Accession Number : ADA329899

Title :   Using Peer Support to Reduce Fault-Tolerant Overhead in Distributed Shared Memories

Descriptive Note : Technical rept

Corporate Author : ROCHESTER UNIV NY DEPT OF COMPUTER SCIENCE

Personal Author(s) : Hunt, G. C. ; Scott, M. L.

PDF Url : ADA329899

Report Date : JUN 1996

Pagination or Media Count : 16

Abstract : We present a peer logging system for reducing peformance overhead in fault tolerant distributed shared memory systems. Our system provides fault tolerant shared memory using individual checkpointing and rollback, Peer logging logs DSM modification messages to remote nodes instead of to local disks. We present results for implementations of our fault tolerant technique using simulations of both TreadMarks, a software only DSM, and Cashmere, a DSM using memory mapped hardware. We compare simulations with no fault tolerance to simulations with local disk logging and peer logging. We present results showing that fault tolerant Treadmarks can be achieved with an average of 17 percent overhead for peer logging.
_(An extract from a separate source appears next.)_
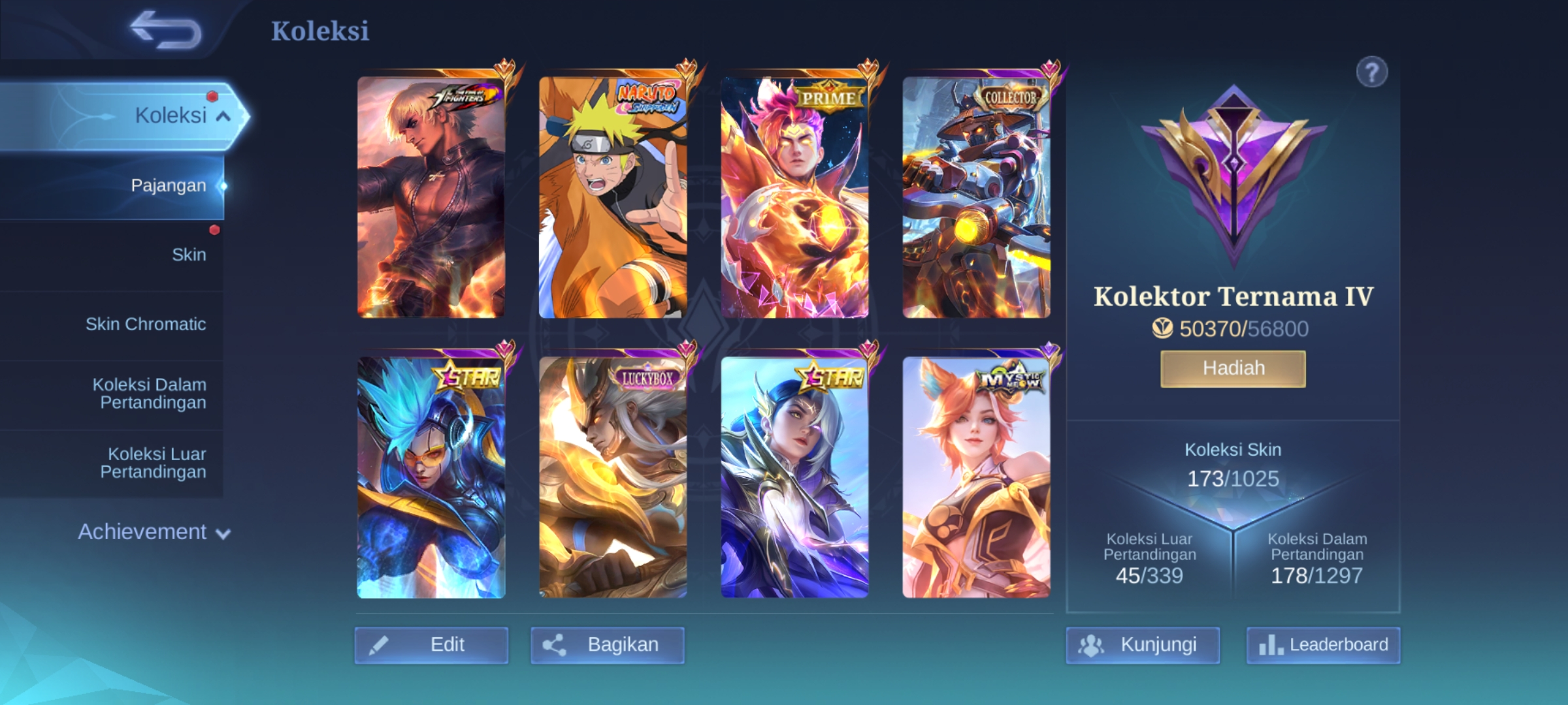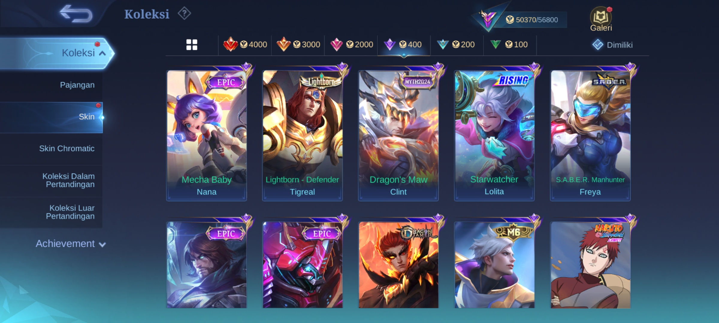 ML-398 Skins 173 [ Magic Core 132 ] Naruto Lucas / KOF Gusion / Collector YSS / Prime Claude / Anual Lesley x Anual Karrie

We also present results showing that while almost any DSM protocol can be made fault tolerant, systems with localized DSM page meta-data have much lower overheads.

Descriptors :   *MEMORY DEVICES, *FAULT TOLERANT COMPUTING, COMPUTER PROGRAMS, DISTRIBUTED DATA PROCESSING, DISKS, FAULT TOLERANCE.

Subject Categories : Computer Programming and Software

Distribution Statement : APPROVED FOR PUBLIC RELEASE